一戸建て vs マンション、仕事重視 vs 家庭重視、巨人 vs 阪神、インバウンド vs アウトバウンドなど対立の構図はシェアされるコンテンツの典型例です。人々は自身の立場を代弁するコンテンツをシェアします。

新しいもの/流行りものコンテンツ

新商品や流行りのものを紹介するコンテンツは、そこに所属するグループにとって興味のあることです。
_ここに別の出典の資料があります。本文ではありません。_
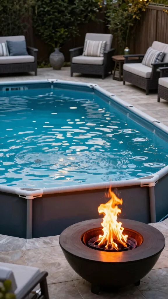 Create a dynamic atmosphere in your backyard oasis by combining water and fire elements. Position your above ground pool near a fire feature like a fire pit or bowl, allowing the contrast of fire and water to create a unique ambiance that is both relaxing and stimulating.
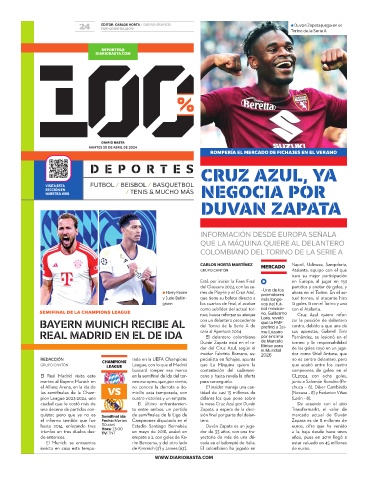 24 EDITOR: CARLOS HORTA / DISEÑO GRÁFICO: ● Duvan Zapata juega en el

いち早くその情報を拡散することで自身の先進性をアピールしたりできます。

データコンテンツ

ランキングやマーケットシェア、業界指標、比較データなど、データを収集し綺麗にまとめるのに一苦労なコンテンツは、評価され拡散される可能性が高いものの一つです。

市場を見渡してシェアされた理由を調べる

YouTubeやTwitter、Facebookなど、ソーシャルメディア上でシェアされたコンテンツを一覧で並べて、なぜ拡散されたのかを考えると多くの具体的な回答を得ることができます。

どのコンテンツも、たまたま拡散されたというものはありません。数多くシェアされた背景には、必ず理由があるものです。シェアした人の立場や人間的な心理、コンテンツの特徴を学ぶことで、自社でコンテンツを作成する際のアイデアとして参考にすることができます。ぜひ、多くの人にシェアされるコンテンツを作成してみてください。